CPCWiki forum

General Category => Programming => Topic started by: cpcitor on 12:17, 16 January 13

Title: Craving for speed ? A visual cheat sheet to help optimizing your code to death.
Post by: cpcitor on 12:17, 16 January 13
Hello,

Thank you @db6128 for the link to timings "Tested and verified on real hardware by Kevin (arnoldemu) and Richard (Executioner)." [Closed] Fastest cycles/byte memory write rate : answer 2µs per byte with PUSH. (http://www.cpcwiki.eu/forum/programming/fastest-cyclesbyte-memory-write-rate/msg56281/#msg56281)
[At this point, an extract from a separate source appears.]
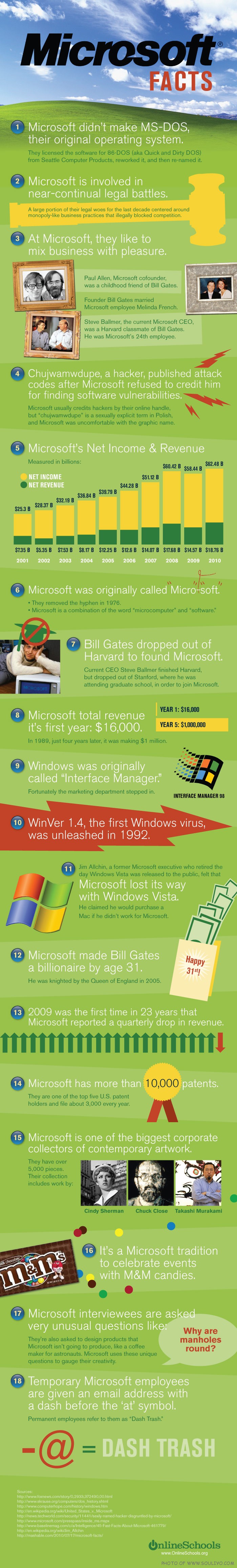 ນອກຈາກເລື່ອງ MS-DOS ບໍ່ໄດ້ເປັນຂອງໄມໂຄຊອຟົທ໌ມາຕັ້ງແຕ່ທຳອິດແລ້ວ ເມື່ອເວົ້າເຖິງໄມໂຄຊອຟົທ໌ໃນໂລກອອນໄລນ໌ ຄົນສ່ວນໃຫຍ່ກໍຈະຄຸ້ນເຄີຍແລະນຶກເຖິງ Hotmail ຫລື Bing ແຕ່ຄວາມຈິງນັ້ນ ໄມໂຄຊອຟົທ໌ໄດ້ຖືສິດທິບັດໄວ້ຫລາຍກວ່າ 10,000 ສິດທິບັດ (ແຖມຈົດເພີ່ມທຸກໆປີ ປີລະ 3,000 ສິດທິບັດ) ຫລືເຊັ່ນເລື່ອງນ້ອຍໆ ຢ່າງເຊັ່ນຊື່ບໍລິສັດທີ່ຈາກເດີມຂຽນວ່າ Micro-Soft ມີຂີດຕໍ່ລະຫວ່າງກາງກໍຖືກເອົາອອກໄປຕັ້ງແຕ່ປີ 1976. ແລະຍັງມີຂໍ້ເທັດຈິງກ່ຽວກັບ Microsoft ອີກຫລວງຫລາຍ ລອງເບິ່ງຈາກ Infograph ຂອງ Online MBA Program ລອງເບິງເນາະ

Thanks to people replying on that thread and also Chase HQ : how did they manage ? (http://www.cpcwiki.eu/forum/programming/chase-hq-how-did-they-manage/msg56190/#msg56190)

To write a really optimized routine for specific needs, I think one needs to get familiar with timings. Unofficial Amstrad WWW Resource (http://www.cpctech.org.uk/docs/instrtim.html) is an interesting reference but with basic layout.
If laid out more visually, it can be even more useful.

So I copy-pasted that into a spreadsheet program and moved around and adjusted mercilessly until it made sense.

We all benefit from previously published work, so let's improve and publish again.
See link at end of post : "Z80 timings on Amstrad CPC - Cheat sheet" in PDF.

It is not intended to be printed but read and browsed visually while looking for variants of instructions.

For example : open, press Ctrl-F (for search) and type RLC, see all RLC variants highlighted so that you can quickly take that into account and figure out the best compromise for your context.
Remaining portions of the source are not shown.